EXERCISE GOAL: All entries should be copied exactly; the pictures stay out.

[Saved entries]
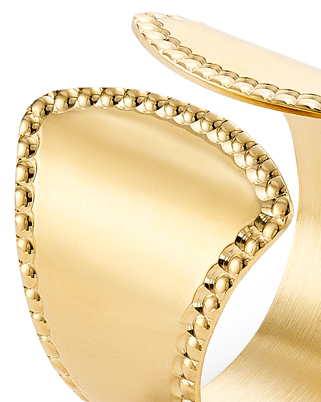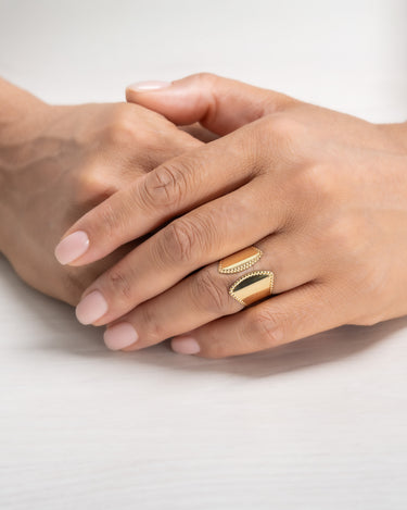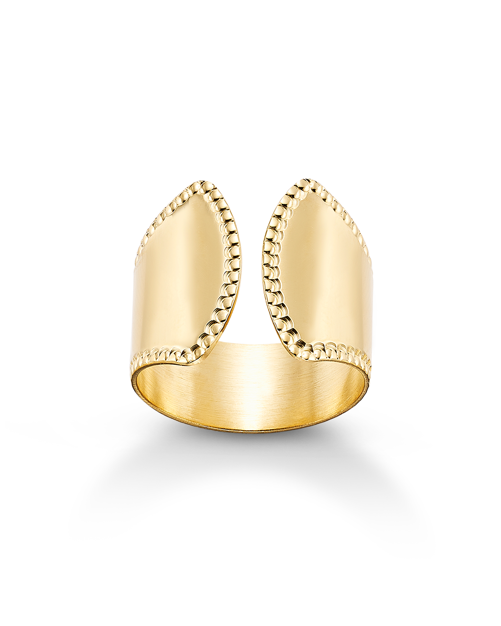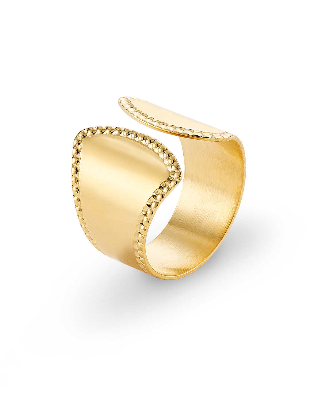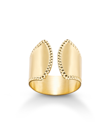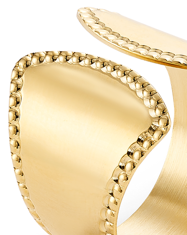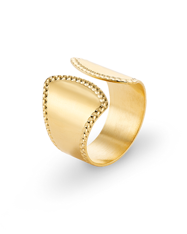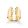Anillo ancho abierto bisel cordón, plata de ley dorada. Ancho 17 mm en disminución. Colección Liceo.
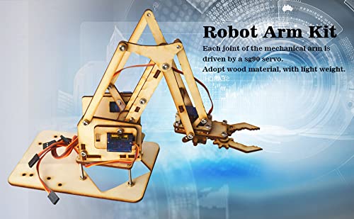 Braccio meccanico robotico, 4 DOF Braccio meccanico robotico in legno Kit braccio robotico, studenti universitari per Raspberry Pi SNAM1500
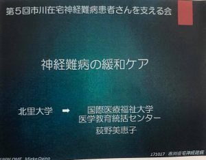 今回の講師は神経難病の緩和ケアでは知らない方がいないほど有名な荻野美恵子先生です。
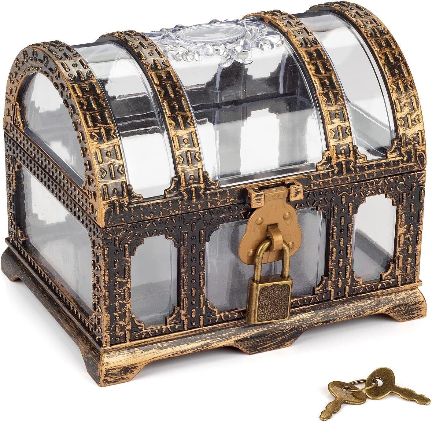 海賊の宝箱 おもちゃ箱 鍵付き レトロ アンティーク風 トレジャーボックス パイレーツ 財宝 お宝 宝石箱 小物入れ 金貨 秘宝 収納ボックス インテリア飾り 雑貨 置物 おもちゃ 子供用 宝箱
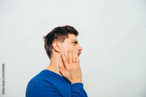 people, person, facial, problem, distraught, eye, pain, human, despair, emotional, teeth, toothache, expression, unwell, adult, stress, pushing, male, touching, teeth, injury, closeup, medicine, dental, portrait, displeased, lifestyle, healthy, young, holding, care, standing, body, man, physical, mouth, disease, real, lifestyle, worried, space, health, indoor, sorrowful, health care, negativity, uncomfortable, idea
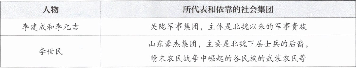 4. 对于玄武门之变,史学界的一种观点认为双方各自代表不同的社会阶层,简况如下表所示。
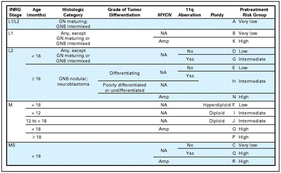 In order to address this problem of non-uniformly defined risk groups, a taskforce was assembled to develop the International Neuroblastoma Risk Group (INRG) classification system [4]. First, a new staging system was established that was based on image-defined risk factors of the original tumor rather than degree of surgical resection and allows for pretreatment risk stratification [13,49]. With the new staging system defined, a new risk stratification system was created as well. This was done by analyzing data collected on 8800 patients diagnosed between 1990 and 2002 in North America, Australia, Europe, and Japan. From this cohort, the most predictive factors were identified including INRG stage, age, histologic category, grade of differentiation, MYCN status, 11q aberration, and tumor cell ploidy. These features were used to define 17 cohorts that were categorized as very low, low, intermediate, or high risk. Patients categorized as very low risk had 5-year EFS of >85%, low from >75% to ≤85%, intermediate from >50 to <75%, and high <50% [4]. These groups were put into a risk stratification table that could be adopted to standardize the risk stratification of neuroblastoma patients (Figure 2).
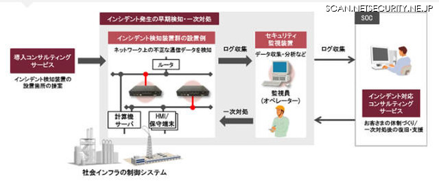制御システム内のネットワーク上に流れる不正な通信データを検知するためのインシデント検知装置群と、それらからデータを収集し、分析から一次対処までを行うセキュリティ監視装置を組み合わせて導入する。導入・利用にあたっては、インシデント検知装置の設置箇所を提案する導入コンサルティングサービスや、インシデントの一次対処後に行う復旧対応を支援するインシデント対応コンサルティングサービスと合わせて提供する。これにより、ユーザのシステムに最適なソリューションを提案できるとしている。
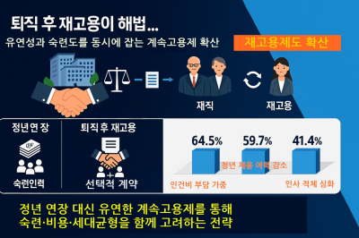 중견기업계가 내놓은 '퇴직 후 재고용' 방안은 단지 고령자 일자리 문제의 임시처방이 아니라, 노동시장 구조와 기업 경쟁력 사이에서 실용적 타협점을 찾으려는 전략적 판단이다. 여기서 말하는 ‘퇴직 후 재고용’이란, 법적으로 정해진 정년(현재는 60세)을 기준으로 일단 근로계약을 종료
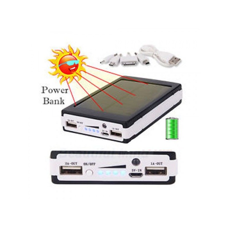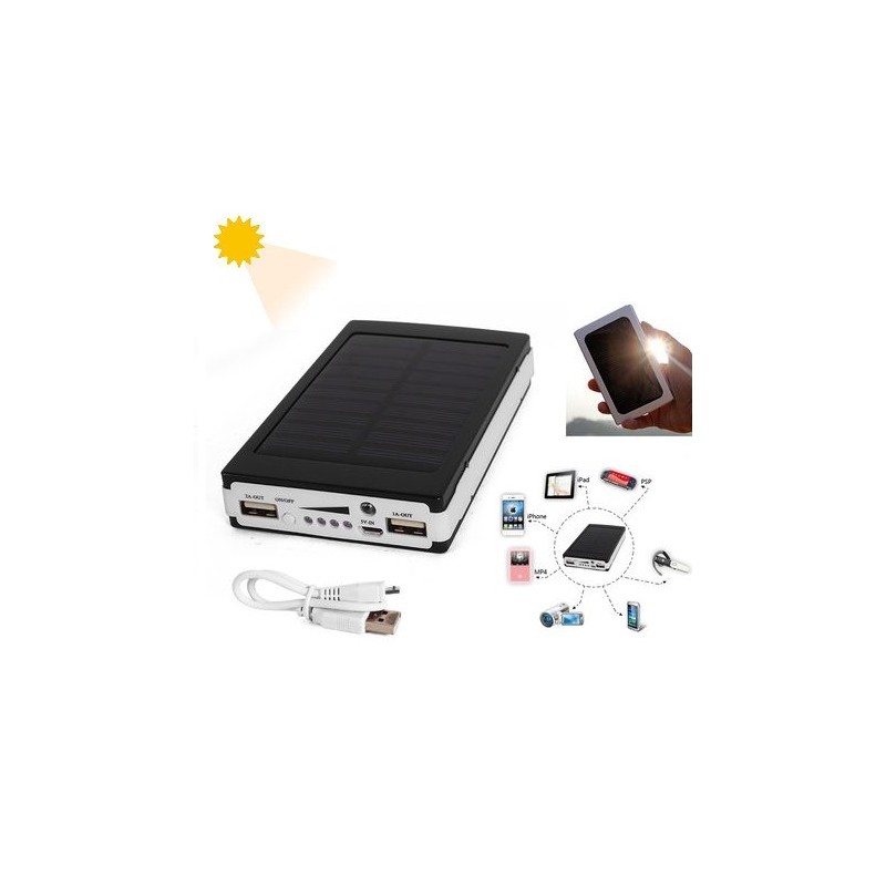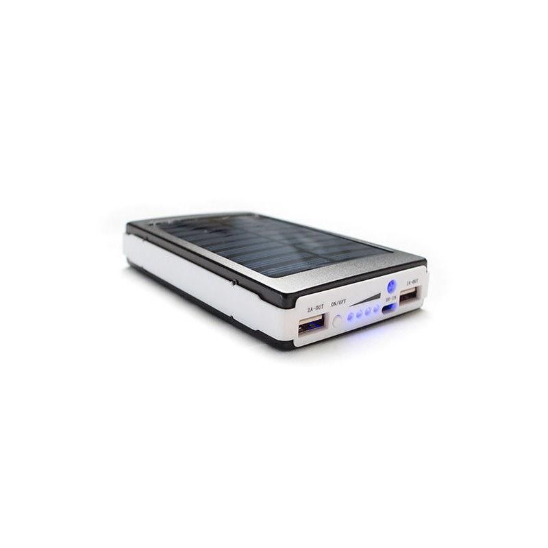 Батерията е с два USB изхода, което позволява да зареждате две устройства едновременно. Може да използвате соларната батерия и като ярък джобен фенер с три степени на осветяване!
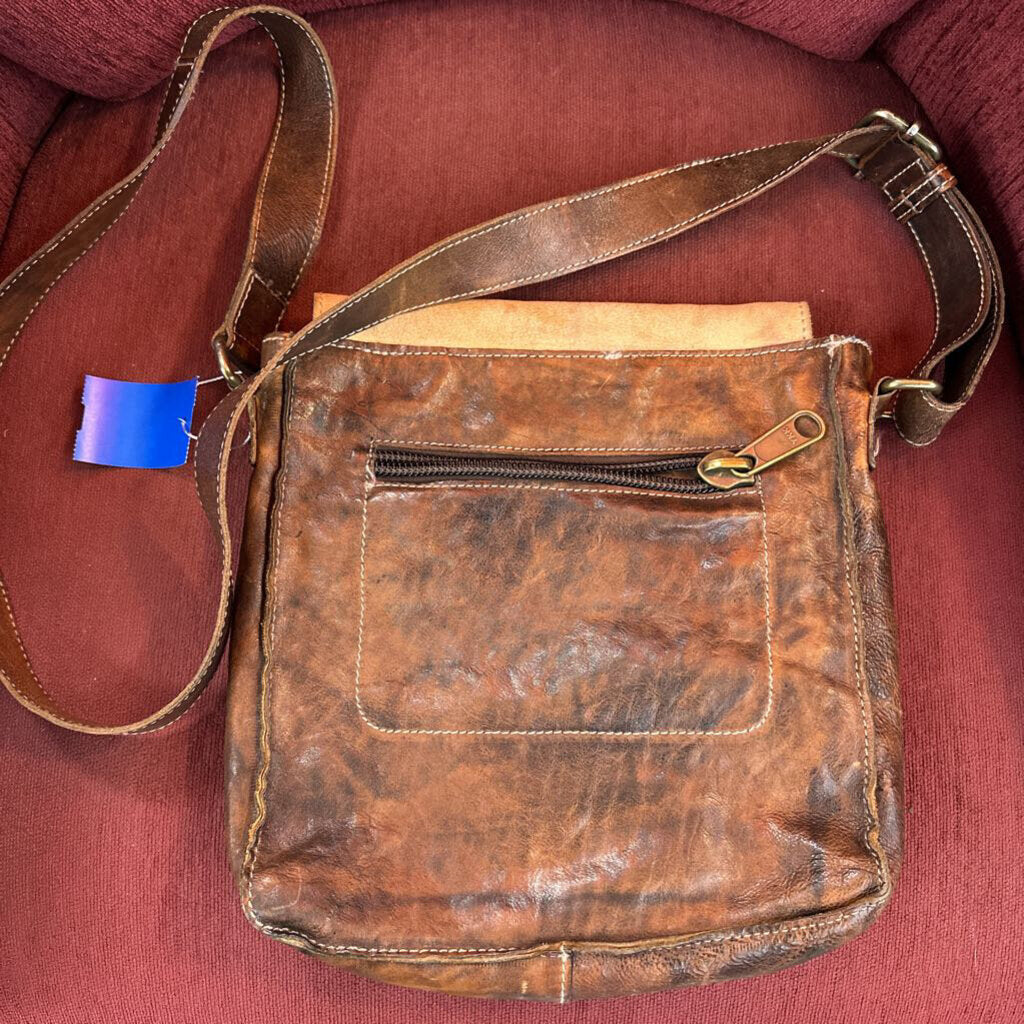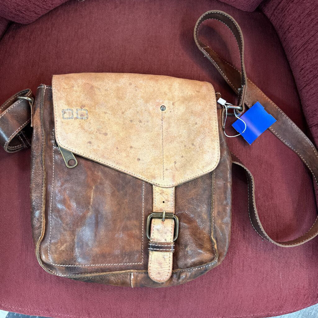 Bed Stu Venice Beach leather crossbody bag with flap front closure and adjustable strap.
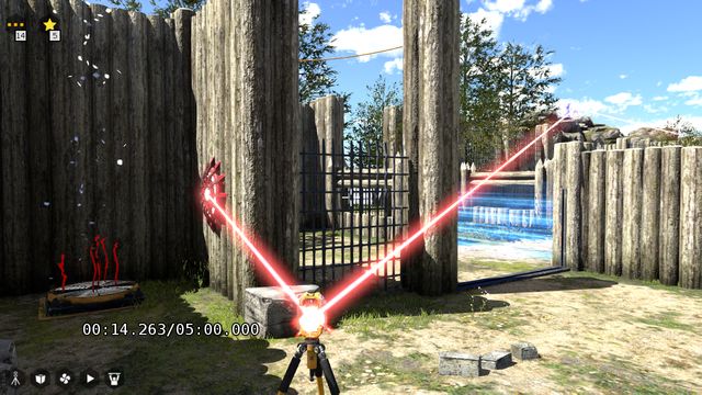 The final star is in the Colliding Beams puzzle. As soon as you complete the puzzle, you notice that the star is next to the switch, past the gate. The pressure plate that disables it is at the other side, over the steel fence. You need something to place onto it.
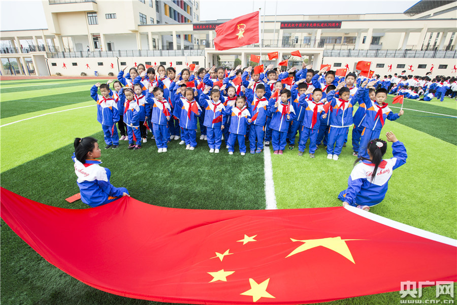 10月12日,江西九江市都昌縣各小學(xué)校開展“我愛紅領(lǐng)巾,星火代代傳——我們是共產(chǎn)主義接班人”主題活動(dòng),通過入隊(duì)儀式、唱響《中國少年先鋒隊(duì)隊(duì)歌》、與國旗合影等形式,慶祝中國少年先鋒隊(duì)建隊(duì)70周年。(央廣網(wǎng)發(fā) 通訊員傅建斌 攝)
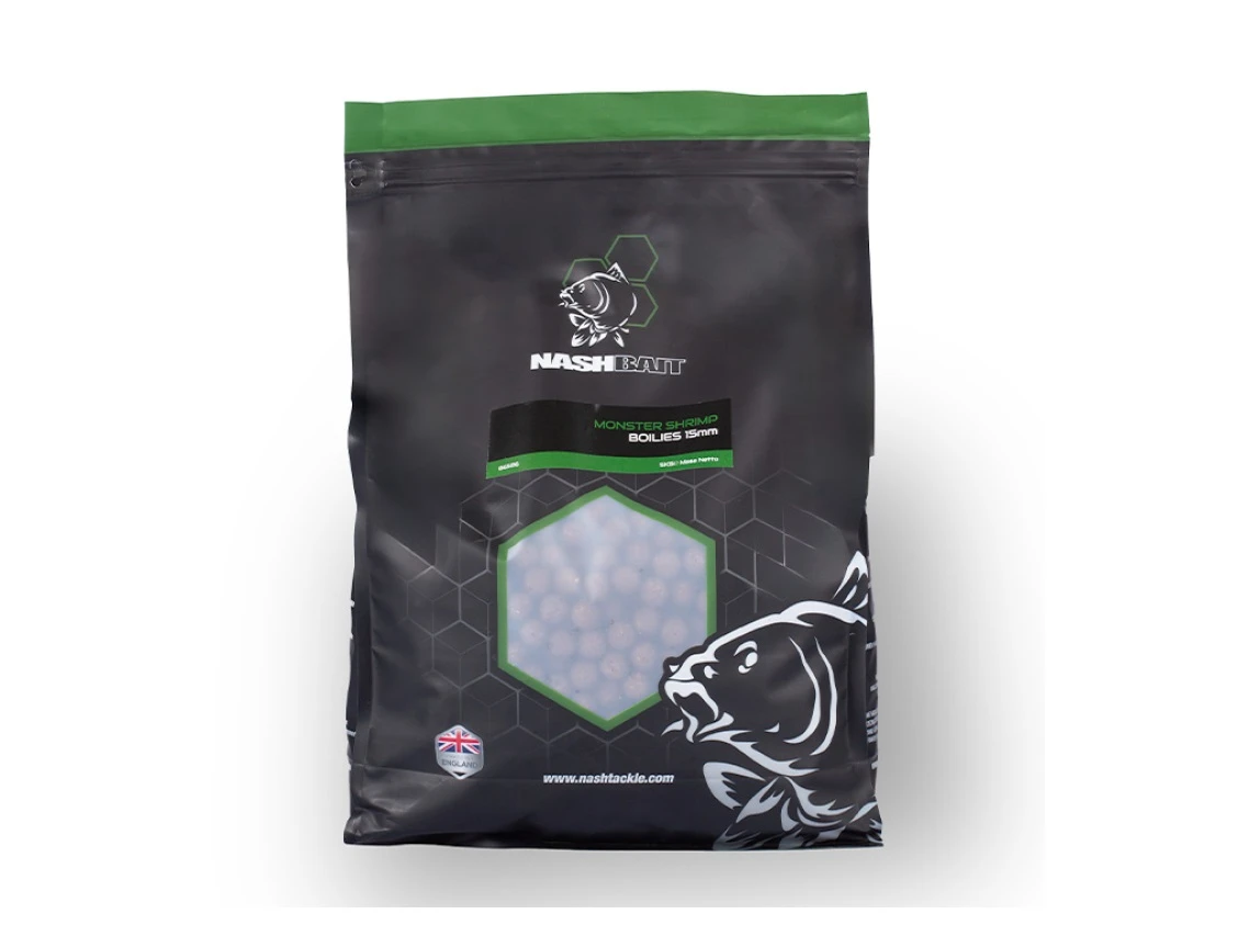 Nástrahy značky Nash patria určite k špičke pri love kaprov. Iné sa nedá povedať ani o Boilies Monster Shrimp, ktoré je vyrobené na jedinečnej prírodnej báze. Či už chytáte dlhé výpravy alebo kratšie vychádzky, tak ryby budú vždy s dôverou prijímať toto boilies. Jedná sa unikátnu potravovú formulu značky Nash kombinujúcu obohatené a upravené rybie múčky, unikátne doplnky Nash Monster a mixom morských ingrediencií krabích múčok a extraktov, olej z komára a neskutočne účinnú slanú pastu z kreviet.
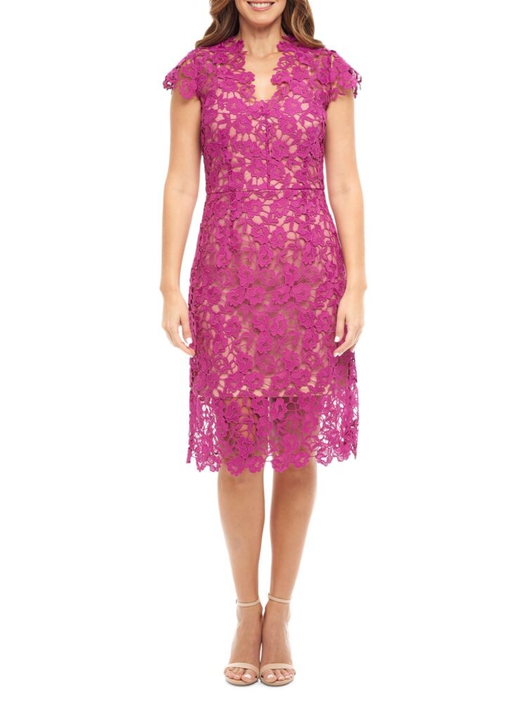 Коктейльное платье из кружева с V-образным вырезом Rene Ruiz Collection, фуксия, Розовый, Коктейльное платье из кружева с V-образным вырезом Rene Ruiz Collection, фуксия
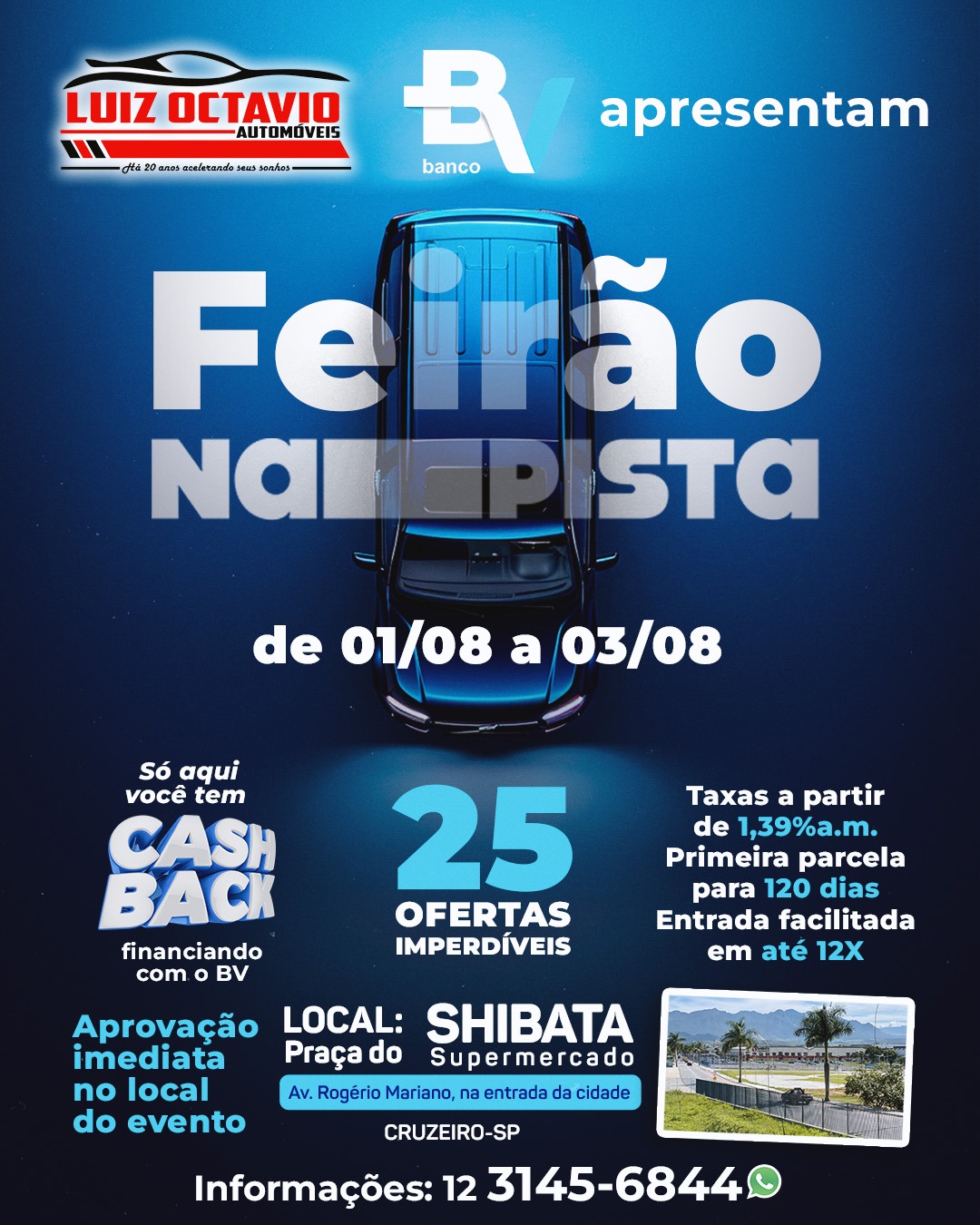 Prepare-se para três dias de ofertas inacreditáveis no maior feirão automotivo da região! De 1º a 3 de agosto, a Praça do Shibata, na Av. Rogério Mariano, S/N, será o ponto de partida para você realizar o sonho do carro novo ou seminovo com as melhores condições do mercado!
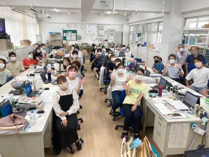 今朝、職員室で教職員の打ち合わせ会をしました。その後、ハイポーズ!

REPLY:
Anillo ancho abierto bisel cordón, plata de ley dorada. Ancho 17 mm en disminución. Colección Liceo.
 Braccio meccanico robotico, 4 DOF Braccio meccanico robotico in legno Kit braccio robotico, studenti universitari per Raspberry Pi SNAM1500
 今回の講師は神経難病の緩和ケアでは知らない方がいないほど有名な荻野美恵子先生です。
 海賊の宝箱 おもちゃ箱 鍵付き レトロ アンティーク風 トレジャーボックス パイレーツ 財宝 お宝 宝石箱 小物入れ 金貨 秘宝 収納ボックス インテリア飾り 雑貨 置物 おもちゃ 子供用 宝箱
 people, person, facial, problem, distraught, eye, pain, human, despair, emotional, teeth, toothache, expression, unwell, adult, stress, pushing, male, touching, teeth, injury, closeup, medicine, dental, portrait, displeased, lifestyle, healthy, young, holding, care, standing, body, man, physical, mouth, disease, real, lifestyle, worried, space, health, indoor, sorrowful, health care, negativity, uncomfortable, idea
 4. 对于玄武门之变,史学界的一种观点认为双方各自代表不同的社会阶层,简况如下表所示。
 In order to address this problem of non-uniformly defined risk groups, a taskforce was assembled to develop the International Neuroblastoma Risk Group (INRG) classification system [4]. First, a new staging system was established that was based on image-defined risk factors of the original tumor rather than degree of surgical resection and allows for pretreatment risk stratification [13,49]. With the new staging system defined, a new risk stratification system was created as well. This was done by analyzing data collected on 8800 patients diagnosed between 1990 and 2002 in North America, Australia, Europe, and Japan. From this cohort, the most predictive factors were identified including INRG stage, age, histologic category, grade of differentiation, MYCN status, 11q aberration, and tumor cell ploidy. These features were used to define 17 cohorts that were categorized as very low, low, intermediate, or high risk. Patients categorized as very low risk had 5-year EFS of >85%, low from >75% to ≤85%, intermediate from >50 to <75%, and high <50% [4]. These groups were put into a risk stratification table that could be adopted to standardize the risk stratification of neuroblastoma patients (Figure 2).
制御システム内のネットワーク上に流れる不正な通信データを検知するためのインシデント検知装置群と、それらからデータを収集し、分析から一次対処までを行うセキュリティ監視装置を組み合わせて導入する。導入・利用にあたっては、インシデント検知装置の設置箇所を提案する導入コンサルティングサービスや、インシデントの一次対処後に行う復旧対応を支援するインシデント対応コンサルティングサービスと合わせて提供する。これにより、ユーザのシステムに最適なソリューションを提案できるとしている。
 중견기업계가 내놓은 '퇴직 후 재고용' 방안은 단지 고령자 일자리 문제의 임시처방이 아니라, 노동시장 구조와 기업 경쟁력 사이에서 실용적 타협점을 찾으려는 전략적 판단이다. 여기서 말하는 ‘퇴직 후 재고용’이란, 법적으로 정해진 정년(현재는 60세)을 기준으로 일단 근로계약을 종료
 Батерията е с два USB изхода, което позволява да зареждате две устройства едновременно. Може да използвате соларната батерия и като ярък джобен фенер с три степени на осветяване!
 Bed Stu Venice Beach leather crossbody bag with flap front closure and adjustable strap.
 The final star is in the Colliding Beams puzzle. As soon as you complete the puzzle, you notice that the star is next to the switch, past the gate. The pressure plate that disables it is at the other side, over the steel fence. You need something to place onto it.
 10月12日,江西九江市都昌縣各小學(xué)校開展“我愛紅領(lǐng)巾,星火代代傳——我們是共產(chǎn)主義接班人”主題活動(dòng),通過入隊(duì)儀式、唱響《中國少年先鋒隊(duì)隊(duì)歌》、與國旗合影等形式,慶祝中國少年先鋒隊(duì)建隊(duì)70周年。(央廣網(wǎng)發(fā) 通訊員傅建斌 攝)
 Nástrahy značky Nash patria určite k špičke pri love kaprov. Iné sa nedá povedať ani o Boilies Monster Shrimp, ktoré je vyrobené na jedinečnej prírodnej báze. Či už chytáte dlhé výpravy alebo kratšie vychádzky, tak ryby budú vždy s dôverou prijímať toto boilies. Jedná sa unikátnu potravovú formulu značky Nash kombinujúcu obohatené a upravené rybie múčky, unikátne doplnky Nash Monster a mixom morských ingrediencií krabích múčok a extraktov, olej z komára a neskutočne účinnú slanú pastu z kreviet.
 Коктейльное платье из кружева с V-образным вырезом Rene Ruiz Collection, фуксия, Розовый, Коктейльное платье из кружева с V-образным вырезом Rene Ruiz Collection, фуксия
 Prepare-se para três dias de ofertas inacreditáveis no maior feirão automotivo da região! De 1º a 3 de agosto, a Praça do Shibata, na Av. Rogério Mariano, S/N, será o ponto de partida para você realizar o sonho do carro novo ou seminovo com as melhores condições do mercado!
 今朝、職員室で教職員の打ち合わせ会をしました。その後、ハイポーズ!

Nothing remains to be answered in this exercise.